Problem requirements: Every line below must be reproduced exactly; no pictures are to be included.

Provided material:
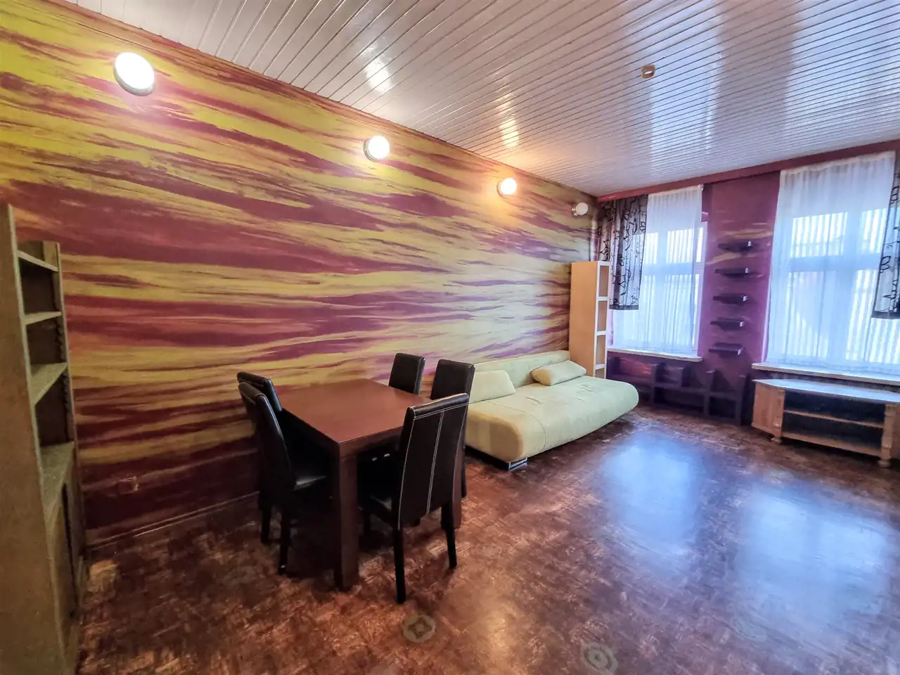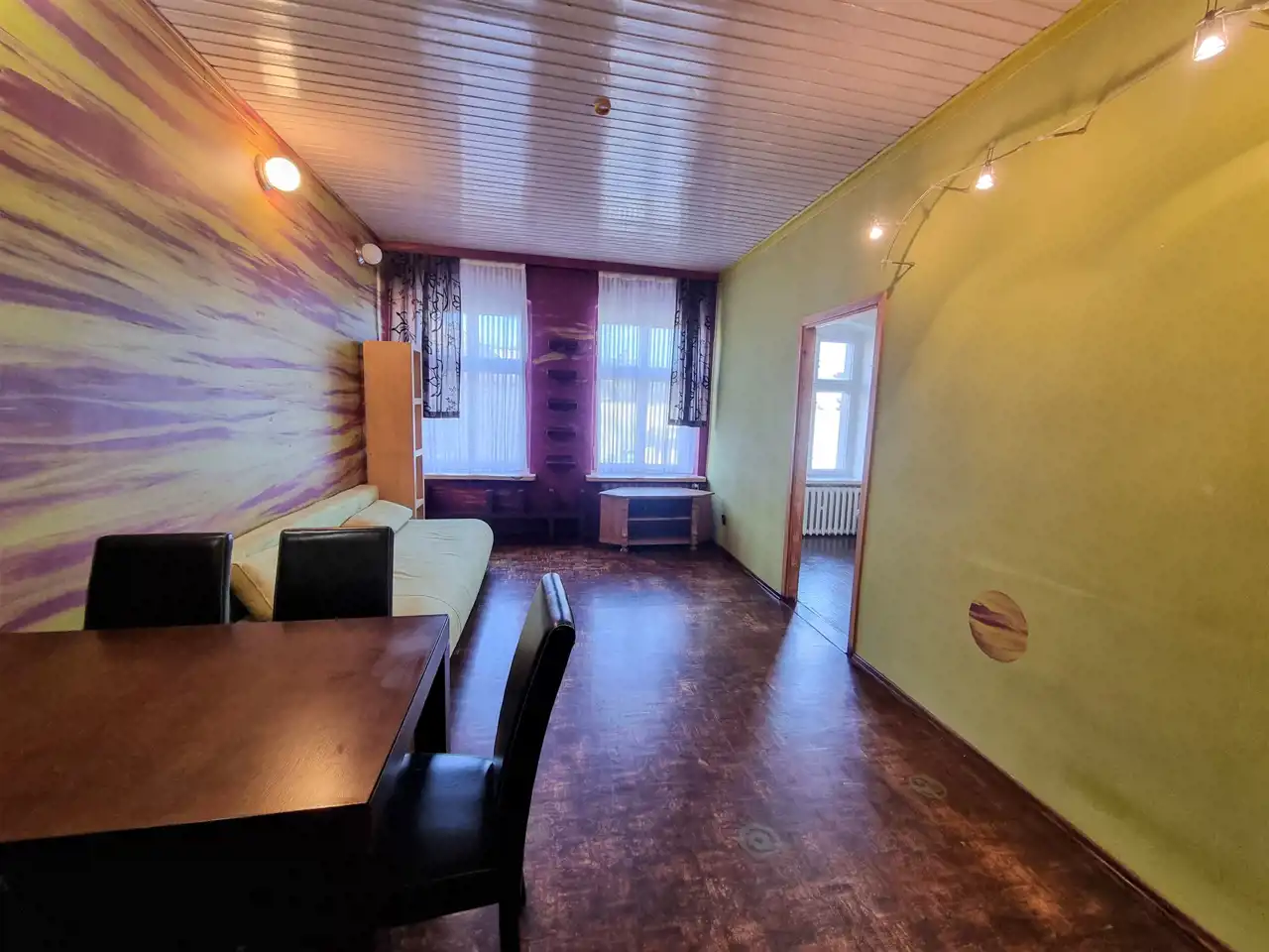 High ceilings (3,5 m) and interesting colourful interiors
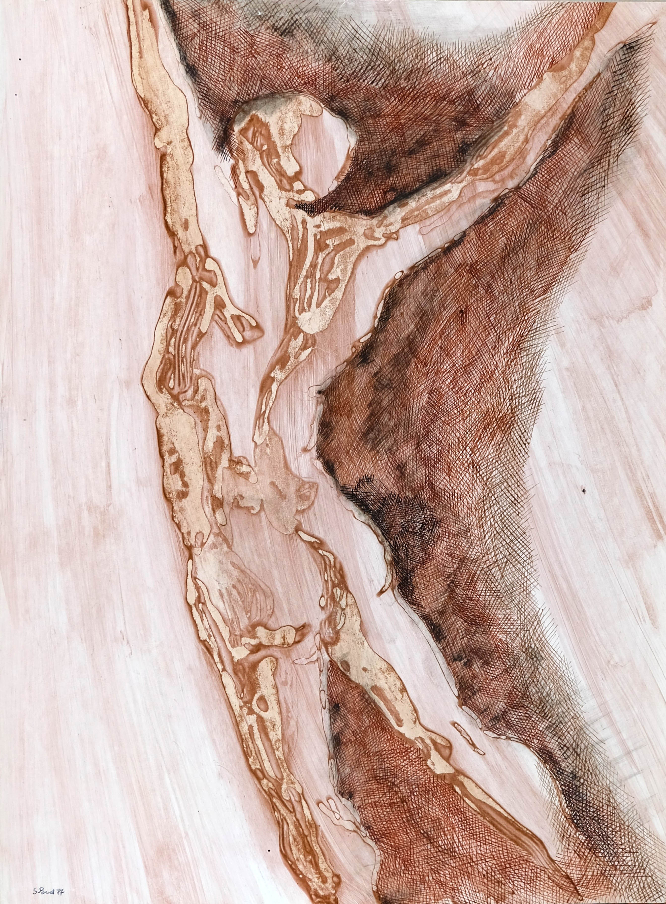 technika mieszana (technika własna, tusz, akwarela), papier, 43 x 32 cm,
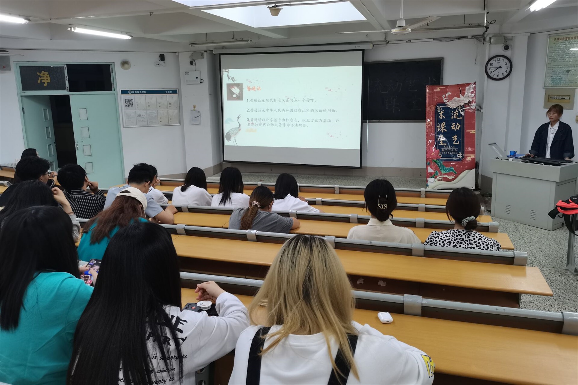随后,主持部负责人从了解普通话及训练、了解普通话易错点、了解主持人三部分内容展开讲解,通过现场互动的方式纠正了同学们普通话交流中存在的问题并结合具体绕口令进一步加深同学们对普通话训练的理解。
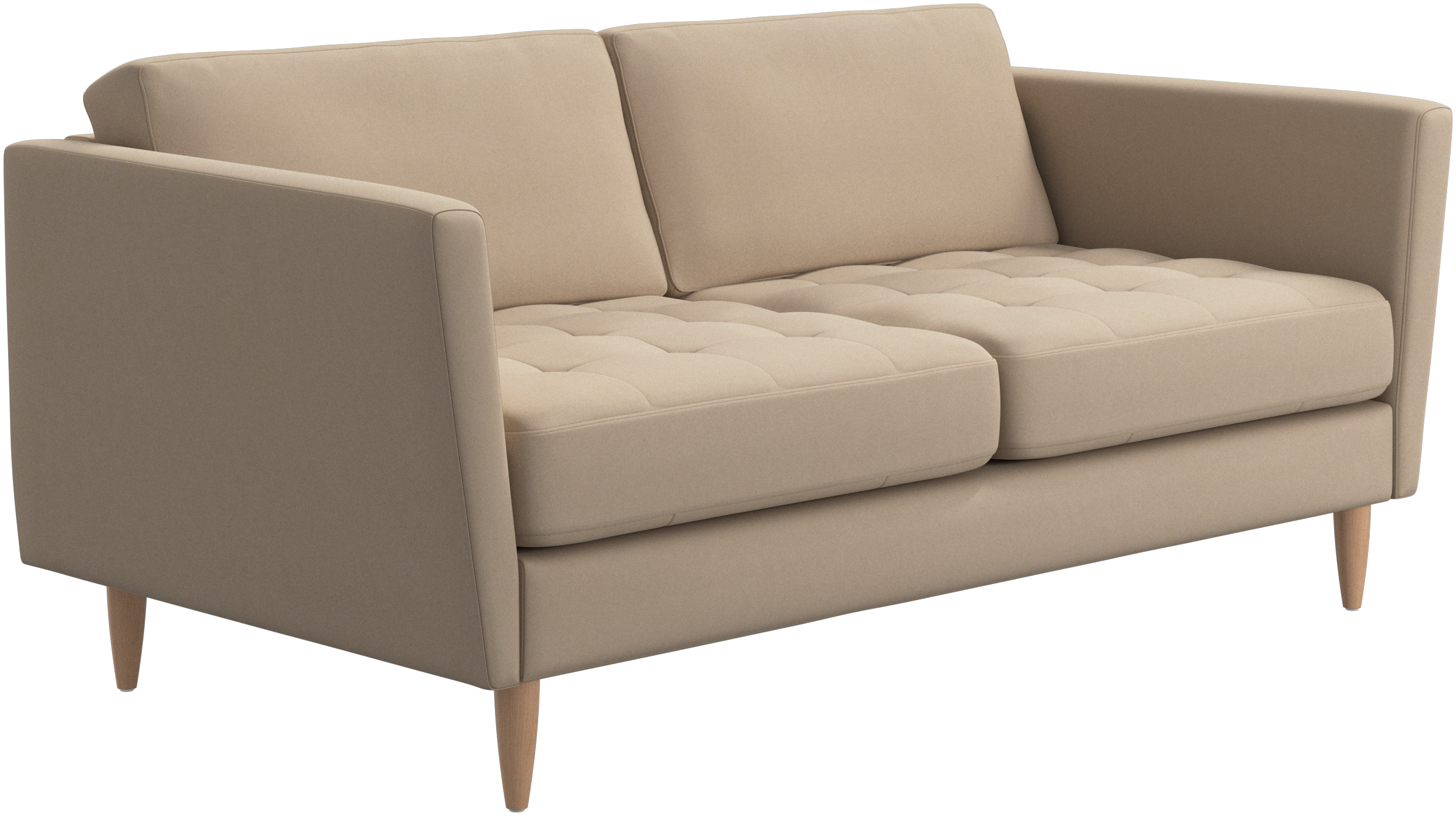 A light look and slim proportions make the Osaka sofa perfect for small homes, while a subtle feminine look and a touch of 60s design ensure that the Osaka sofa still packs a style punch. The beautiful tufted seats add visual softness and bring a classic look to your living room. Inclined armrests give the sofa a modern, unique look and open it up to the rest of the room. Though small in size, this 2 seater sofa is big on style and will perfectly fit a small living room.

Reply to the exercise:
 High ceilings (3,5 m) and interesting colourful interiors
 technika mieszana (technika własna, tusz, akwarela), papier, 43 x 32 cm,
随后,主持部负责人从了解普通话及训练、了解普通话易错点、了解主持人三部分内容展开讲解,通过现场互动的方式纠正了同学们普通话交流中存在的问题并结合具体绕口令进一步加深同学们对普通话训练的理解。
 A light look and slim proportions make the Osaka sofa perfect for small homes, while a subtle feminine look and a touch of 60s design ensure that the Osaka sofa still packs a style punch. The beautiful tufted seats add visual softness and bring a classic look to your living room. Inclined armrests give the sofa a modern, unique look and open it up to the rest of the room. Though small in size, this 2 seater sofa is big on style and will perfectly fit a small living room.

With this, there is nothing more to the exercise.